The potassium channel TWIK-related acid sensitive potassium (TASK)-1 channel, together with other potassium channels, controls the low resting tone of pulmonary arteries. The Src family tyrosine kinase (SrcTK) may control potassium channel function in human pulmonary artery smooth muscle cells (hPASMCs) in response to changes in oxygen tension and the clinical use of a SrcTK inhibitor has resulted in partly reversible pulmonary hypertension.

This study aimed to determine the role of SrcTK in hypoxia-induced inhibition of potassium channels in hPASMCs.

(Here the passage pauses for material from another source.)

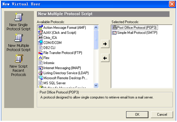 运行LoadRunner的脚本录制器VuGen,选择New Multiple Portocol Script双协议,同时选择POP3和SMTP两种协议进行录制,如图12-13所示。

We show that SrcTK is co-localised with the TASK-1 channel. Inhibition of SrcTK decreases potassium current density and results in considerable depolarisation, while activation of SrcTK increases potassium current in patch-clamp recordings. Moderate hypoxia and the SrcTK inhibitor decrease the tyrosine phosphorylation state of the TASK-1 channel. Hypoxia also decreases the level of phospho-SrcTK (tyr419) and reduces the co-localisation of the TASK-1 channel and phospho-SrcTK. Corresponding to this, hypoxia reduces TASK-1 currents before but not after SrcTK inhibition and, in the isolated perfused mouse lung, SrcTK inhibitors increase pulmonary arterial pressure.

We propose that the SrcTK is a crucial factor controlling potassium channels, acting as a cofactor for setting a negative resting membrane potential in hPASMCs and a low resting pulmonary vascular tone.